I am just at home carrying a 1x2 Fellini as I am my Justis. There is nothing to think about if you care as much about your equipment, as you do your pool game.

The only thing I am shocked hasn't been developed is a case alarm. I think Master makes a tool box alarm, that might be perfect. Stand your case, set it, if someone tries to make off with it, it alarms. Totally shocked this has not came into play as of yet.

JV

I've already experimented puting an alarm in a case... a movement alarm...n it has a small pocket remote to turn it off/on.... but then disaster struck... the player carrying the case accidentally turned it on... while playing an important tournament... the whole place went wild... n the player got penalized with a frame... was hilarious n embarrassing ...
 
The only thing I am shocked hasn't been developed is a case alarm. I think Master makes a tool box alarm, that might be perfect. Stand your case, set it, if someone tries to make off with it, it alarms. Totally shocked this has not came into play as of yet.

JV

Did one for Oliver Ortmann in 1993 with a motion triggered alarm inside it. Oliver's previous case and cues had been stolen so I put a portable alarm in it that could be set to go off if the alarm was moved. He used it once and someone accidentally kicked the case and it sharked the whole pool room.

There is one that I have seen which seems more practical. It's a distance based alarm.
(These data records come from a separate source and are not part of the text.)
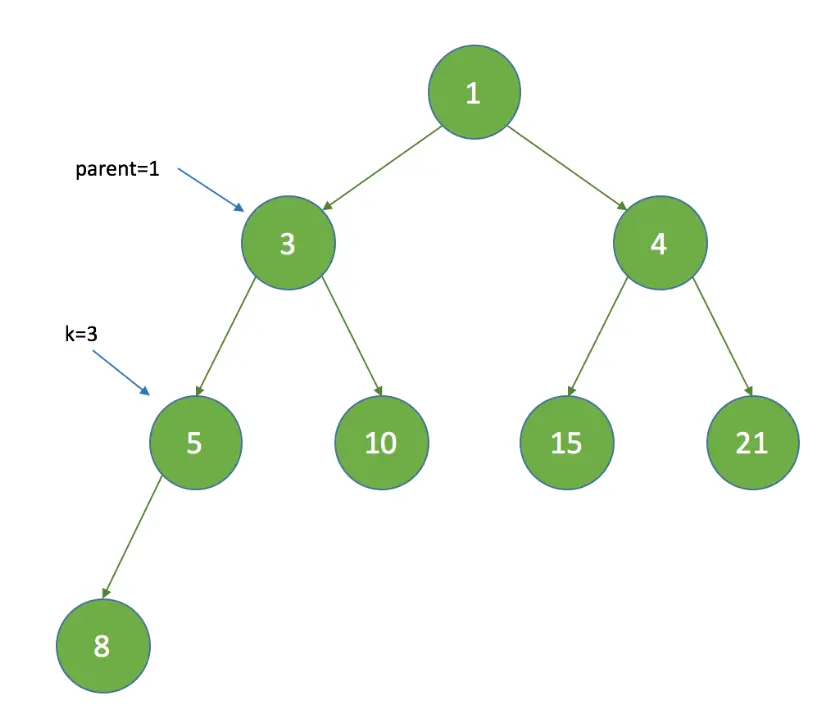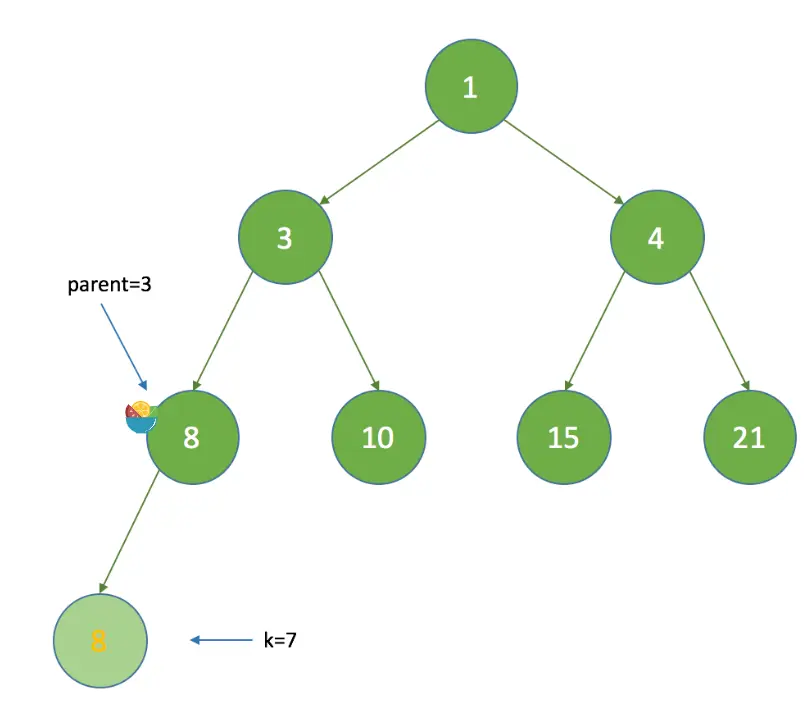 2.计算新父节点的索引:parent = (k - 1) >>> 1,parent = 3,那么queue[3]的时间间隔值为8,因为 5 < 8 ,将执行queue[7] = queue[3]:
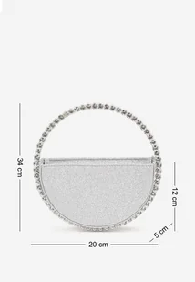 Srebrna Okrągła Torebka Koktajlowa Ozdobiona Cyrkoniami i Brokatem Fesimala
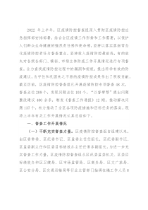 督带帮”提出问题整改建议400余条,制发《督查工作通报》12期,推动解决问题137个,有力推动了全区各项防疫措施和目标任务的落实。现将上半年有关工作开展情况认真总结如下。一、督查工作开展情况(一)不断充实督查力量。区疫情防控督查组自组建以来,由
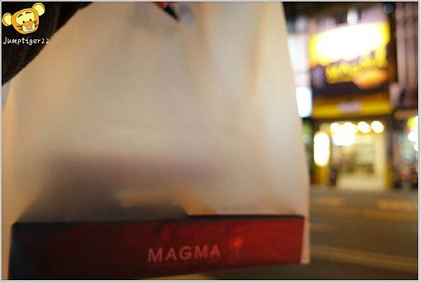 ▼ 提著裝好的禮盒回到對面與遠方MAGMA暖黃的店面合照後,我帶回家享用了哈哈
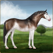 Name: foal 52487084Age: 9 Stallion Color: Light Bay Dun Sabino Rabicano Appaloosa Breed: Sport Horse |  |
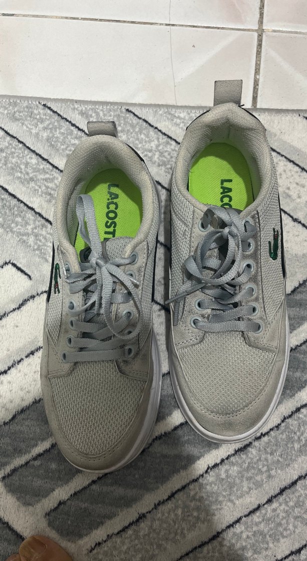 Gri renkli, bağcıklı ve düz tabanlı kadın spor ayakkabısı. Lacoste markasına ait, desen içermeyen sokak tarzı model.
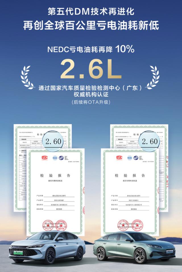 就在今天,比亞迪官宣第五代 DM 技術(shù)再次進化。油耗在之前的基礎(chǔ)上又降低了 10%,NEDC 虧電油耗降到了 2.6L,再創(chuàng)歷史新低。

If the units get too far apart then it goes off.
 
Yeah, but what kind of case do you carry Roger??? :p:p:p:p:p

funny question.... every time I build myself a case... I end up selling it before I even get to show it off.... but the funny part is that when I manage to keep it n take it out to the poolhall... I end up having a money game... n in the end when I lost... they want the damn case...
 
I have the following:

Nice custom leather carved JB Butterfly 4x8.

Nice leather Instroke Oval 3x5.

A bunch of inexpensive 1x1.

My normal day to day are the 1x1's for locker storage in my regular hall or casual/practice at a different hall. 3x5 for when I go to a different hall and need my playing, break and jump cue. 4x8 when going to a different hall with my wife and need all our cues.

I know cue protection is a hot topic for some, but for me, all protect the cues adequately for the way I use and carry them. My decision on case purchase is mainly artistic style.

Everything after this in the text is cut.